The Omelette with Egg White, known locally as 'Safed Anda Omelette', is a nutritious and protein-rich breakfast staple enjoyed across India. While traditional omelettes use whole eggs, this health-conscious version uses only egg whites, making it lower in cholesterol and fat. In Indian homes, especially in cities like Mumbai, Delhi, and Bengaluru, the egg white omelette is a quick fix for busy mornings and a favorite among fitness enthusiasts. It is often prepared on a tawa (griddle) with a medley of finely chopped onions (pyaaz), tomatoes (tamatar), green chilies (hari mirch), and fresh coriander (dhaniya) for a burst of desi flavor. This dish has seamlessly blended into Indian kitchens, finding its place alongside classic breakfasts like poha and upma. Whether served with whole wheat toast or rolled inside a chapati, the Indian-style omelette with egg white is a light yet satisfying start to the day. Its simplicity, versatility, and nutritional profile make it popular during festival seasons like Navratri when light and sattvic meals are preferred. Enjoyed by all age groups, it’s a wholesome option for those looking to balance taste and health.

Diabetic-Friendly Weight Loss Kid-Friendly

Ingredients(for 1 large omelette per serving)

  • 6 Egg whites (safed anda)
  • 1 small, finely chopped Onion (pyaaz)
  • 1 small, finely chopped Tomato (tamatar)
  • 1, finely chopped Green chili (hari mirch) - optional
  • 2 tbsp, chopped Coriander leaves (dhaniya)
  • 1/4 tsp Black pepper powder (kali mirch)
  • 1/8 tsp Turmeric powder (haldi) - optional
  • to taste Salt (namak)
  • 1 tsp Oil (use cold-pressed mustard or sunflower oil)
  • 2 tbsp, finely chopped Capsicum (shimla mirch) - optional

Instructions

  1. 1

    Separate the egg whites from the yolks and collect them in a large bowl.

    3 minutes

    Use fresh eggs for best taste and texture.

  2. 2

    Whisk the egg whites vigorously until frothy for a light texture.

    2 minutes

    A fork or a hand whisk works well for aeration.

  3. 3

    Add chopped onion, tomato, green chili, capsicum, coriander, black pepper, turmeric (if using), and salt to the egg whites. Mix gently.

    3 minutes

    Do not overmix to retain the fluffiness of the omelette.

  4. 4

    Heat 1/2 tsp oil on a tawa or non-stick pan over medium flame.

    2 minutes

    Spread oil evenly to prevent sticking.

Why This Dish is Healthy

This dish is a healthy choice because it cuts out the fat and cholesterol present in egg yolks, making it heart-friendly and suitable for weight management. The vegetables add fiber and essential micronutrients, while the use of minimal oil keeps the calorie count low. It supports muscle repair, is filling, and provides sustained energy, making it perfect for a healthy Indian breakfast.

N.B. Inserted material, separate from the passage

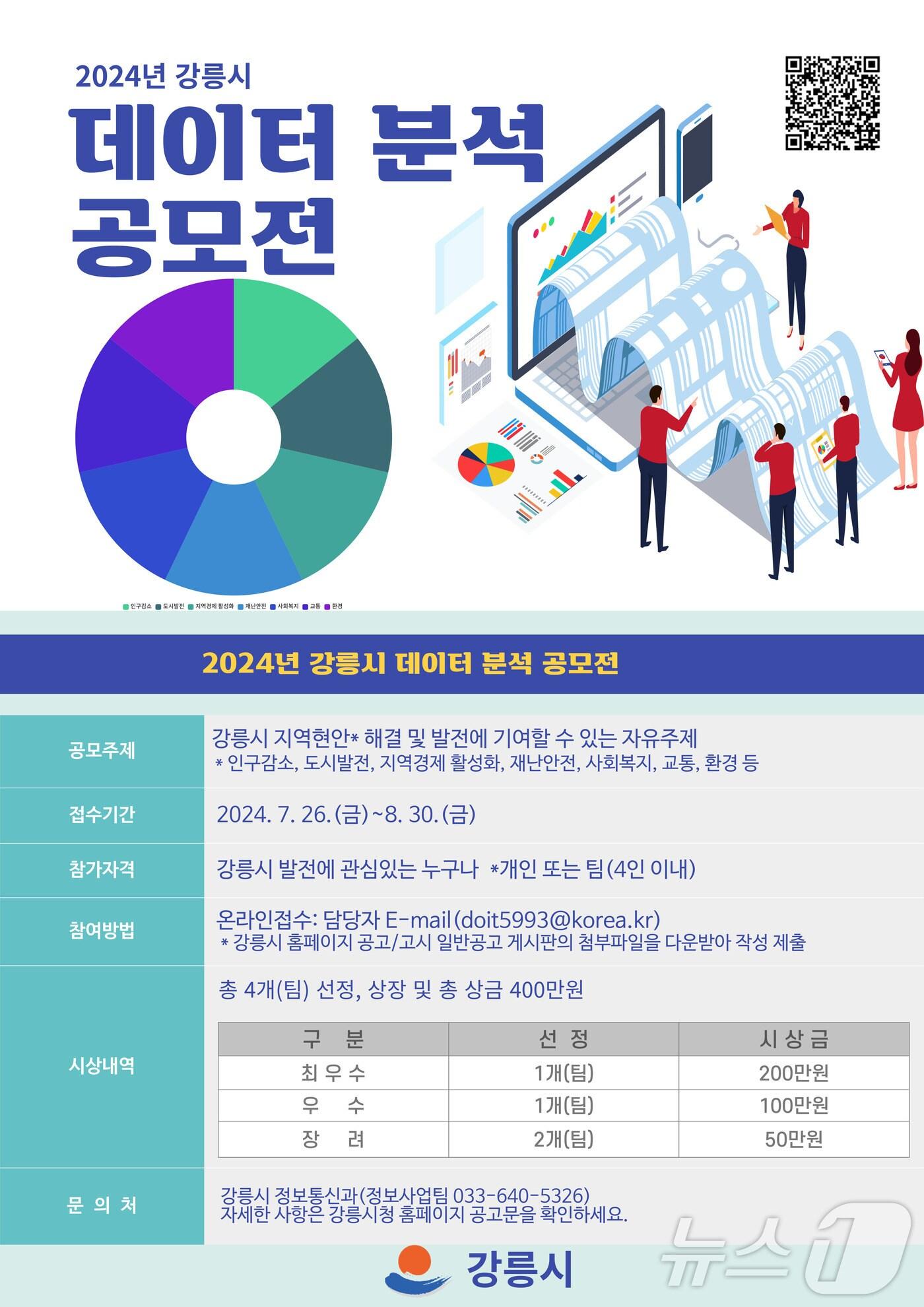'2024 강릉시 데이터 분석 공모전' 개최2024년 강릉시 데이터 분석 공모전 안내 포스터.(강릉시 제공) 2024.7.31/뉴스1관련 키워드강릉시윤왕근 기자 의장 선거 앞두고 '뇌물공여' 강원 고성군의원 첫 재판서 공소사실 인정강릉원주대, 중앙아시아 교육기관 초청 연수…유학생 유치 시동관련 기사"올 시즌 홈경기 모두 강릉"…시즌권 단체구매 붐 조성 나선 강릉시"문화예술 이끌 인재 찾습니다" 강릉문화재단, 공개채용'포장 디자인'부터 '전시 부스'까지…강릉시, 중소기업 마케팅 지원"교육 위해 찾아오는 도시로" 강릉시, IB 교육·돌봄 패키지 본격 추진'의원 7명 중 3명' 뇌물수수 재판…지방의회 '존폐론'을 다시 생각한다

Omelette with Egg White is an excellent source of high-quality protein with minimal fat and zero cholesterol, as the yolk is excluded. Egg whites are rich in essential amino acids, vitamin B2 (riboflavin), and minerals like potassium and magnesium. The addition of vegetables like onion, tomato, and capsicum increases the fiber, vitamin C, and antioxidant content, supporting immunity and digestion. This nutrient-dense meal is ideal for those watching their calorie intake or seeking a high-protein, low-fat breakfast.

Pro Tips

  • 💡Add a splash of milk for extra fluffiness.
  • 💡Use a well-seasoned non-stick tawa for easy flipping.
  • 💡Chop vegetables finely for even cooking and better texture.

Storage & Serving

Best enjoyed fresh, but can be refrigerated in an airtight container for up to 24 hours. Reheat on a tawa for best texture; avoid microwaving to prevent rubbery texture.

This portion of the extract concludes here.